START SOURCE DATA

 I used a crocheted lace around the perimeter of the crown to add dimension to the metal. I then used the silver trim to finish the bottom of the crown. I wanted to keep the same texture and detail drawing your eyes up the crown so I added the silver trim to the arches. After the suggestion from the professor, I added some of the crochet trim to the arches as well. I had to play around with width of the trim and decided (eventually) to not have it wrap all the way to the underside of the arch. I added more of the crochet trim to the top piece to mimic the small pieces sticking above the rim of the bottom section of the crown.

END SOURCE DATA
START SOURCE DATA

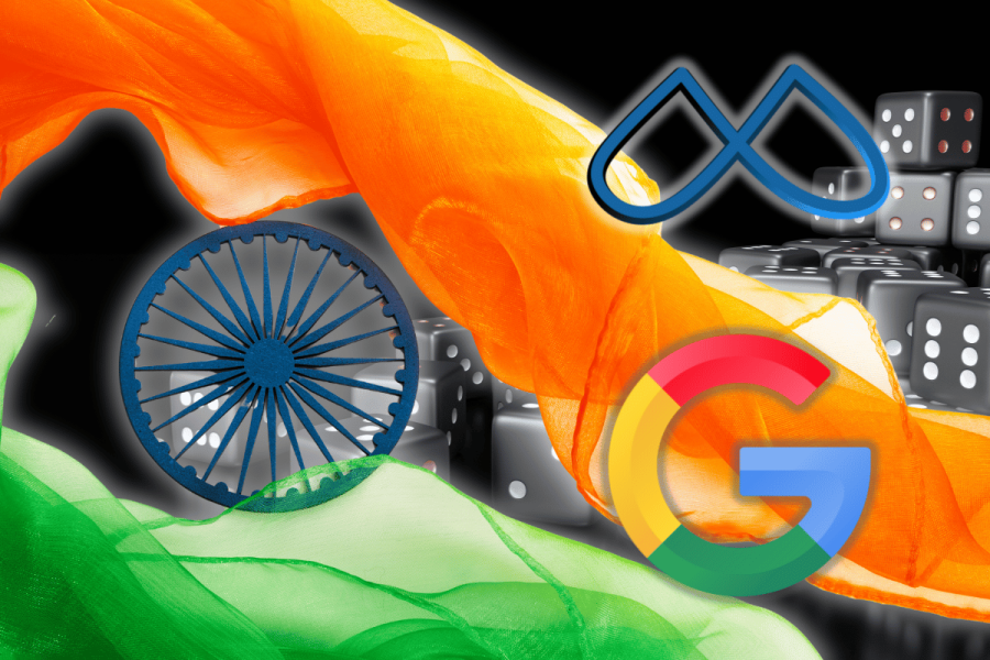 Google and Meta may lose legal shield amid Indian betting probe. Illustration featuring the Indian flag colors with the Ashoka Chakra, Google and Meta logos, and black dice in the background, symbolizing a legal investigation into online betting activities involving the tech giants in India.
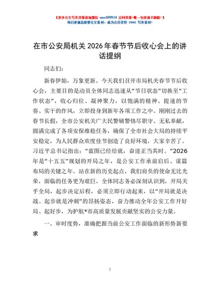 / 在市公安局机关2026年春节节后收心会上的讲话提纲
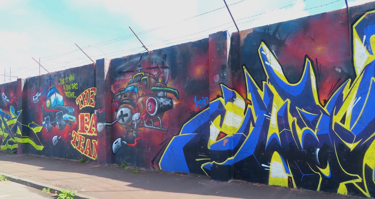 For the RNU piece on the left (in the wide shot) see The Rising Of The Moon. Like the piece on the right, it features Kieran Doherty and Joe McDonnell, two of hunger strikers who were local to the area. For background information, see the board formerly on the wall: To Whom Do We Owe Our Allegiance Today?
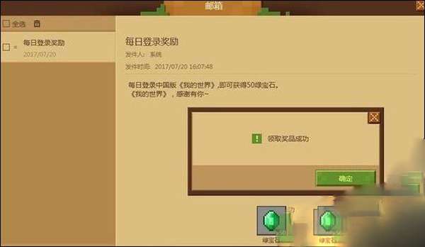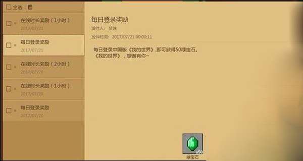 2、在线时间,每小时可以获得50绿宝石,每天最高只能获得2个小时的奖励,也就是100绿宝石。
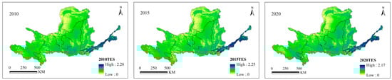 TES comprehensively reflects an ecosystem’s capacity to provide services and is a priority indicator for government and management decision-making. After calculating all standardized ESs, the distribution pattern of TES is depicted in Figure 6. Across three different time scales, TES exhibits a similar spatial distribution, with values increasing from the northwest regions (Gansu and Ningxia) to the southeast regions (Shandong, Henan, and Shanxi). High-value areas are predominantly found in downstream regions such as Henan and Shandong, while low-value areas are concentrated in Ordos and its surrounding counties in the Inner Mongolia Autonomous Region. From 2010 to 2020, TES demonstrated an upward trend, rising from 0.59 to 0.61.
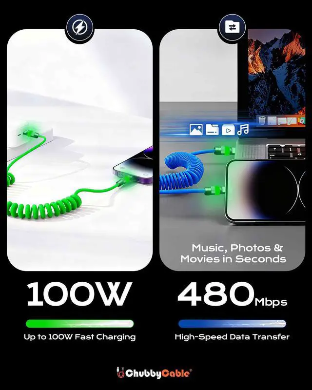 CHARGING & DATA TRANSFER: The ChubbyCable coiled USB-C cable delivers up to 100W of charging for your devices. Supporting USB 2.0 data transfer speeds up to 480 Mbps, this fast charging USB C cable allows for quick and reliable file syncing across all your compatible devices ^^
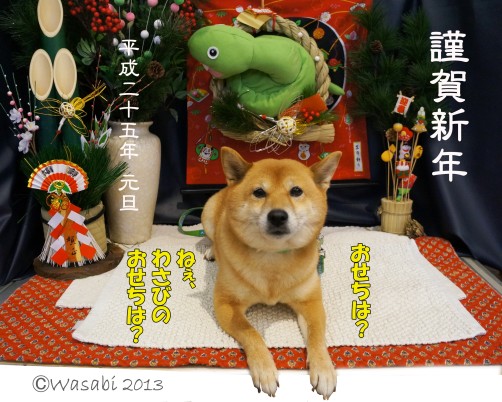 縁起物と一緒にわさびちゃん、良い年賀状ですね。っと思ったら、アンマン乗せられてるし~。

END SOURCE DATA
START SOURCE DATA

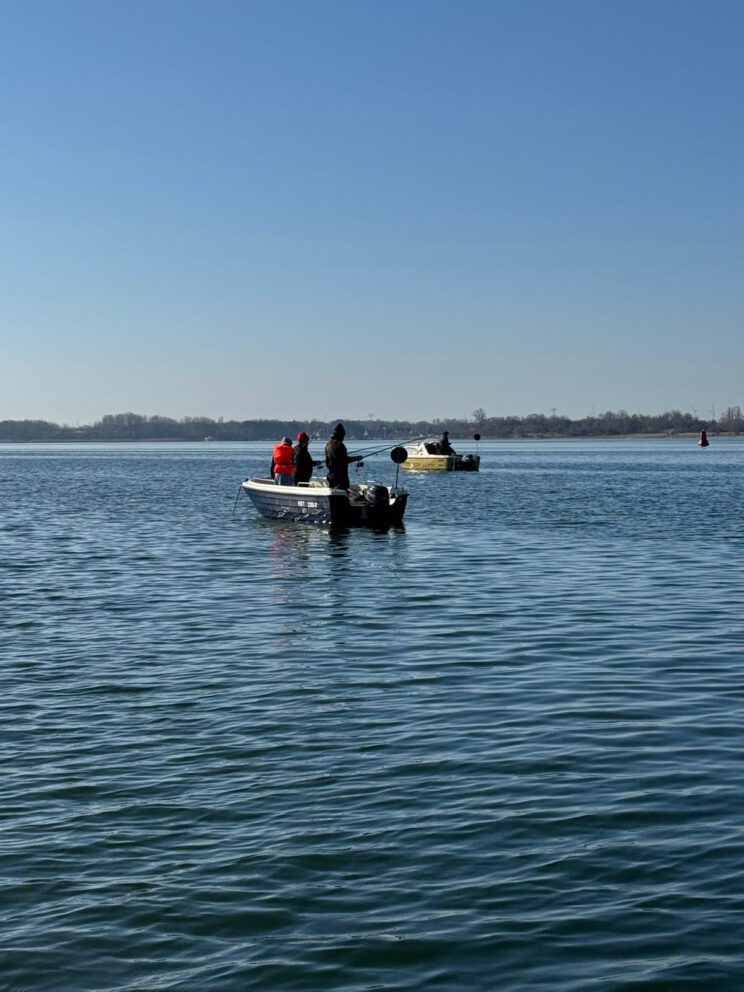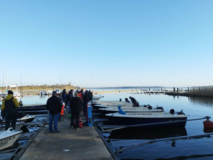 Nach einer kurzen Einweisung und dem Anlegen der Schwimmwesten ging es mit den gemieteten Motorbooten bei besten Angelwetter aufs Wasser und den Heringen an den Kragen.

END SOURCE DATA

TASK OBJECTIVE:
Leaving out all pictures, set down exactly the lines of the material above, from the line with "TES comprehensively reflects" to the line with "縁起物と一緒にわさびちゃん、" inclusive, and no others.

RESULT:
 TES comprehensively reflects an ecosystem’s capacity to provide services and is a priority indicator for government and management decision-making. After calculating all standardized ESs, the distribution pattern of TES is depicted in Figure 6. Across three different time scales, TES exhibits a similar spatial distribution, with values increasing from the northwest regions (Gansu and Ningxia) to the southeast regions (Shandong, Henan, and Shanxi). High-value areas are predominantly found in downstream regions such as Henan and Shandong, while low-value areas are concentrated in Ordos and its surrounding counties in the Inner Mongolia Autonomous Region. From 2010 to 2020, TES demonstrated an upward trend, rising from 0.59 to 0.61.
 CHARGING & DATA TRANSFER: The ChubbyCable coiled USB-C cable delivers up to 100W of charging for your devices. Supporting USB 2.0 data transfer speeds up to 480 Mbps, this fast charging USB C cable allows for quick and reliable file syncing across all your compatible devices ^^
 縁起物と一緒にわさびちゃん、良い年賀状ですね。っと思ったら、アンマン乗せられてるし~。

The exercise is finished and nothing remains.